I’m Gunner Carly Box. I’m an operator, artillery,
meteorology, and survey. That job that allows us to
release weather balloons up into the atmosphere and gain
real-time weather information, which we can then pass on to the
artillery guns and allow them to adjust their fire. With survey, we drive around
different points on the range collecting GPS information,
which we can then also pass on to the guns to help them gain
their position on the ground. I’m a very active person. And I like to be learning
and doing different things all the time. And I was at a stage
where I wanted to do something different. And I was in reserves at the
time, and decided to change over and go full-time and see
what that had to offer. In this job, Artillery,
Meteorology, and Survey, which is also known as AMS, we start
off doing an eight-week course where we learn all about
meteorology and survey and the equipment involved and how to
use it and what it’s used for. You then come and spend some
time in the regiment. And then you’ll be put on
a ScanEagle course. This is a ScanEagle. It’s an unmanned
aerial system. We’ve got the engine compartment
sits in here, so that’s where it all happens. That’s where it flies from. Inside here, we’ve got the
avionics bay, so all your GPS and everything that sort of
makes the plane talk to what’s happening on the ground
is in there. And then up the front here,
we’ve got a camera that sits in here. So this camera can scan
around what’s happening on the ground. It can zoom in and out. It can take still shots. It can take video feeds. And it can operate
day or night. My favourite part is when we’re
out field, when we’re actually launching, because
there’s a lot happening. There’s a lot of people
talking and a lot of things going on. And it’s quite an active time. And it’s busy. And it’s exciting. And you want to make sure that
that plane launches the way it’s supposed to, so you want
to get everything right. And you’re out there. You’re in the thick of it. You can hear the
engine running. And to pull the cord and to have
it actually launch and to launch properly and do what it’s
supposed to do, I love that part of it.
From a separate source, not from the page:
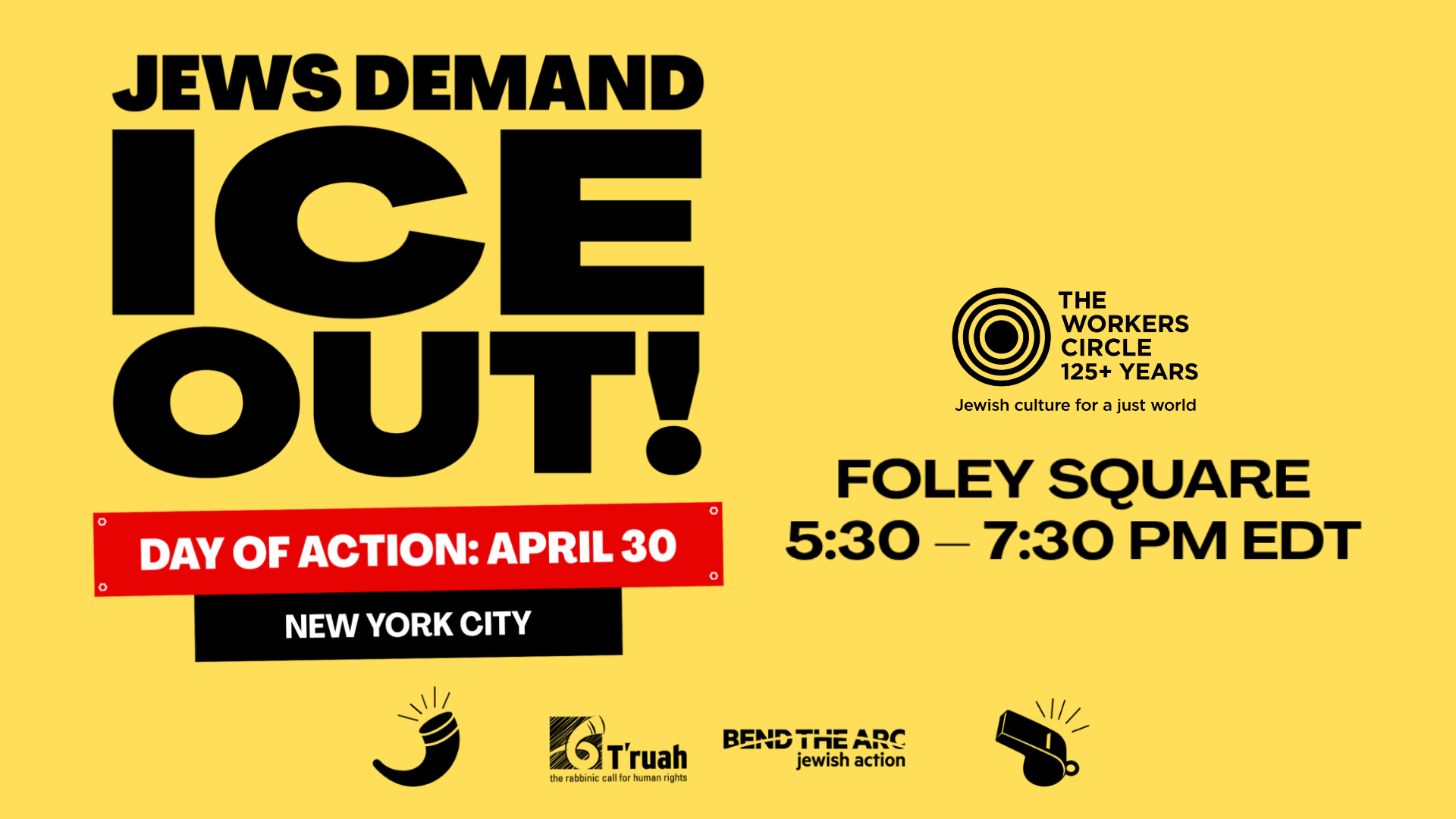 On April 30, Jews around the country will gather to demand ICE OUT. We stand with immigrants and reject ICE brutality and violence. We want ICE out of our schools and workplaces, out of our parks and streets, out of our places of worship, and out of communities everywhere. Grounded in our sacred teachings, we will make the moral case that this system is both a failure of policy and of conscience, and that it does not have to be this way.

The things that I get out of
this job that I wouldn’t get in a civilian job is the
opportunity to travel around and see all different parts of
this country and hopefully other countries. And the friends that you make
are friends for life. The things that I get to work
with and the things that I get to do and see, most civilian
jobs, you don’t get the opportunity to do the
things that we do. There are other females
in the Army. I’m not the only one around. If it’s something that you’re
interested in, I would recommend it.